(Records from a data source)
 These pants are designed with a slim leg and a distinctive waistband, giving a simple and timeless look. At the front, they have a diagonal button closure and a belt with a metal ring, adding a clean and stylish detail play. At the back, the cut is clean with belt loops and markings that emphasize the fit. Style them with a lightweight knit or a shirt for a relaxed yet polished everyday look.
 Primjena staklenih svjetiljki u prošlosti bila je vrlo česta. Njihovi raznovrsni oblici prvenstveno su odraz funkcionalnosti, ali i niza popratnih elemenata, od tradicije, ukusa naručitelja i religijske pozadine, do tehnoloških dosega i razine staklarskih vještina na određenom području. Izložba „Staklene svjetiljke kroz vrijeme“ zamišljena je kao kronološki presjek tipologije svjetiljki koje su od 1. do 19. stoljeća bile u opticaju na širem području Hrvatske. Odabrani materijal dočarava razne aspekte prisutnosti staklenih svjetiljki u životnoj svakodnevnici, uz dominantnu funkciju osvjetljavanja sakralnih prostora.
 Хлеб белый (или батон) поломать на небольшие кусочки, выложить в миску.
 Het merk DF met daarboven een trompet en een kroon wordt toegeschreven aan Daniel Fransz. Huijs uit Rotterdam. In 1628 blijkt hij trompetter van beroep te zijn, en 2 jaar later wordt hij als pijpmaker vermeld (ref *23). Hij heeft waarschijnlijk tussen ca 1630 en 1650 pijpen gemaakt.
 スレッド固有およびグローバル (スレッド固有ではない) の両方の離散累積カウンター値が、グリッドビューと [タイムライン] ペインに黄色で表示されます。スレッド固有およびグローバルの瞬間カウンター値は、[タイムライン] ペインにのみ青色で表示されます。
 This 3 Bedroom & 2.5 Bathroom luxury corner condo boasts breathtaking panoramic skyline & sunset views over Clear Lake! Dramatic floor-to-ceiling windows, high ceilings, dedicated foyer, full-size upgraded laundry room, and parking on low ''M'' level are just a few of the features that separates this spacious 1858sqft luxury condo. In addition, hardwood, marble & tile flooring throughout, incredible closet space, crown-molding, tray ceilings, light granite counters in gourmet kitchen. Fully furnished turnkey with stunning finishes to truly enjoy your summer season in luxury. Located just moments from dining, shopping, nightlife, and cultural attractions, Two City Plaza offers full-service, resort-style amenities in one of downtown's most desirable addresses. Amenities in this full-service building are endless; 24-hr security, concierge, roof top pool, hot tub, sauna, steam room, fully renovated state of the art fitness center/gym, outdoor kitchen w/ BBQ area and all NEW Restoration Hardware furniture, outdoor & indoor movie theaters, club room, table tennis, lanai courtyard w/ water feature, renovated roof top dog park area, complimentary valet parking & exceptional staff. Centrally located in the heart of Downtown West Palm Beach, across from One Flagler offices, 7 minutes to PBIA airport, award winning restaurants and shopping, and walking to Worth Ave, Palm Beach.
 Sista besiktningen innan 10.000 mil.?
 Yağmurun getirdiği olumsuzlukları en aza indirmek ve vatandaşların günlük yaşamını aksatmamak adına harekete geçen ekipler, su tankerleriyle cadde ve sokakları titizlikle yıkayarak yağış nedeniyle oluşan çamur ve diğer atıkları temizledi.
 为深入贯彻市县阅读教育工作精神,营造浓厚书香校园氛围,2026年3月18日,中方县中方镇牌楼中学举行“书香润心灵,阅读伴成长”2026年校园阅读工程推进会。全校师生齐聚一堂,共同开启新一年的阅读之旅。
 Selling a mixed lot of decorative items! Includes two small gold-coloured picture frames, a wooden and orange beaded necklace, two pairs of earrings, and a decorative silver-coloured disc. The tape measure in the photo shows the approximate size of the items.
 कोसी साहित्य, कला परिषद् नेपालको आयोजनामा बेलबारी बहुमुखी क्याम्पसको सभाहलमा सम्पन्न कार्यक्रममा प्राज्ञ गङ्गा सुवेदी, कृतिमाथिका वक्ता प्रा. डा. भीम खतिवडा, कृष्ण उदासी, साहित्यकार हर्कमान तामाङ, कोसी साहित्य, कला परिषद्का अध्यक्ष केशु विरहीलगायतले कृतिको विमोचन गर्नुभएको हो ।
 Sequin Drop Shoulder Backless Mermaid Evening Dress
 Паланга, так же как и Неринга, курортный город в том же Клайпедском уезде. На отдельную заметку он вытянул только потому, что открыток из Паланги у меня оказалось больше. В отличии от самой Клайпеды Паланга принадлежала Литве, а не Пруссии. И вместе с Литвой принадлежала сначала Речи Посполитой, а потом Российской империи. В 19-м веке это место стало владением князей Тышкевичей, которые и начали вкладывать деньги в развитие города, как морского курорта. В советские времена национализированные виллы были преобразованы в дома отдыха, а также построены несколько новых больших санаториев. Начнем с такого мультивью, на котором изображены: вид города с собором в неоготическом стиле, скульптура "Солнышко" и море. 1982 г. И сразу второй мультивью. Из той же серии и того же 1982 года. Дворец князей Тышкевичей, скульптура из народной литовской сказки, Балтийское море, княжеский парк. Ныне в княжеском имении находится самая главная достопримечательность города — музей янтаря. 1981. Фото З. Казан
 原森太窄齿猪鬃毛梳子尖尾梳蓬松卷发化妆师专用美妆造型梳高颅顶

What the task asks:
Every record above should be output exactly.

Solution to this task:
 These pants are designed with a slim leg and a distinctive waistband, giving a simple and timeless look. At the front, they have a diagonal button closure and a belt with a metal ring, adding a clean and stylish detail play. At the back, the cut is clean with belt loops and markings that emphasize the fit. Style them with a lightweight knit or a shirt for a relaxed yet polished everyday look.
 Primjena staklenih svjetiljki u prošlosti bila je vrlo česta. Njihovi raznovrsni oblici prvenstveno su odraz funkcionalnosti, ali i niza popratnih elemenata, od tradicije, ukusa naručitelja i religijske pozadine, do tehnoloških dosega i razine staklarskih vještina na određenom području. Izložba „Staklene svjetiljke kroz vrijeme“ zamišljena je kao kronološki presjek tipologije svjetiljki koje su od 1. do 19. stoljeća bile u opticaju na širem području Hrvatske. Odabrani materijal dočarava razne aspekte prisutnosti staklenih svjetiljki u životnoj svakodnevnici, uz dominantnu funkciju osvjetljavanja sakralnih prostora.
 Хлеб белый (или батон) поломать на небольшие кусочки, выложить в миску.
 Het merk DF met daarboven een trompet en een kroon wordt toegeschreven aan Daniel Fransz. Huijs uit Rotterdam. In 1628 blijkt hij trompetter van beroep te zijn, en 2 jaar later wordt hij als pijpmaker vermeld (ref *23). Hij heeft waarschijnlijk tussen ca 1630 en 1650 pijpen gemaakt.
 スレッド固有およびグローバル (スレッド固有ではない) の両方の離散累積カウンター値が、グリッドビューと [タイムライン] ペインに黄色で表示されます。スレッド固有およびグローバルの瞬間カウンター値は、[タイムライン] ペインにのみ青色で表示されます。
 This 3 Bedroom & 2.5 Bathroom luxury corner condo boasts breathtaking panoramic skyline & sunset views over Clear Lake! Dramatic floor-to-ceiling windows, high ceilings, dedicated foyer, full-size upgraded laundry room, and parking on low ''M'' level are just a few of the features that separates this spacious 1858sqft luxury condo. In addition, hardwood, marble & tile flooring throughout, incredible closet space, crown-molding, tray ceilings, light granite counters in gourmet kitchen. Fully furnished turnkey with stunning finishes to truly enjoy your summer season in luxury. Located just moments from dining, shopping, nightlife, and cultural attractions, Two City Plaza offers full-service, resort-style amenities in one of downtown's most desirable addresses. Amenities in this full-service building are endless; 24-hr security, concierge, roof top pool, hot tub, sauna, steam room, fully renovated state of the art fitness center/gym, outdoor kitchen w/ BBQ area and all NEW Restoration Hardware furniture, outdoor & indoor movie theaters, club room, table tennis, lanai courtyard w/ water feature, renovated roof top dog park area, complimentary valet parking & exceptional staff. Centrally located in the heart of Downtown West Palm Beach, across from One Flagler offices, 7 minutes to PBIA airport, award winning restaurants and shopping, and walking to Worth Ave, Palm Beach.
 Sista besiktningen innan 10.000 mil.?
 Yağmurun getirdiği olumsuzlukları en aza indirmek ve vatandaşların günlük yaşamını aksatmamak adına harekete geçen ekipler, su tankerleriyle cadde ve sokakları titizlikle yıkayarak yağış nedeniyle oluşan çamur ve diğer atıkları temizledi.
 为深入贯彻市县阅读教育工作精神,营造浓厚书香校园氛围,2026年3月18日,中方县中方镇牌楼中学举行“书香润心灵,阅读伴成长”2026年校园阅读工程推进会。全校师生齐聚一堂,共同开启新一年的阅读之旅。
 Selling a mixed lot of decorative items! Includes two small gold-coloured picture frames, a wooden and orange beaded necklace, two pairs of earrings, and a decorative silver-coloured disc. The tape measure in the photo shows the approximate size of the items.
 कोसी साहित्य, कला परिषद् नेपालको आयोजनामा बेलबारी बहुमुखी क्याम्पसको सभाहलमा सम्पन्न कार्यक्रममा प्राज्ञ गङ्गा सुवेदी, कृतिमाथिका वक्ता प्रा. डा. भीम खतिवडा, कृष्ण उदासी, साहित्यकार हर्कमान तामाङ, कोसी साहित्य, कला परिषद्का अध्यक्ष केशु विरहीलगायतले कृतिको विमोचन गर्नुभएको हो ।
 Sequin Drop Shoulder Backless Mermaid Evening Dress
 Паланга, так же как и Неринга, курортный город в том же Клайпедском уезде. На отдельную заметку он вытянул только потому, что открыток из Паланги у меня оказалось больше. В отличии от самой Клайпеды Паланга принадлежала Литве, а не Пруссии. И вместе с Литвой принадлежала сначала Речи Посполитой, а потом Российской империи. В 19-м веке это место стало владением князей Тышкевичей, которые и начали вкладывать деньги в развитие города, как морского курорта. В советские времена национализированные виллы были преобразованы в дома отдыха, а также построены несколько новых больших санаториев. Начнем с такого мультивью, на котором изображены: вид города с собором в неоготическом стиле, скульптура "Солнышко" и море. 1982 г. И сразу второй мультивью. Из той же серии и того же 1982 года. Дворец князей Тышкевичей, скульптура из народной литовской сказки, Балтийское море, княжеский парк. Ныне в княжеском имении находится самая главная достопримечательность города — музей янтаря. 1981. Фото З. Казан
 原森太窄齿猪鬃毛梳子尖尾梳蓬松卷发化妆师专用美妆造型梳高颅顶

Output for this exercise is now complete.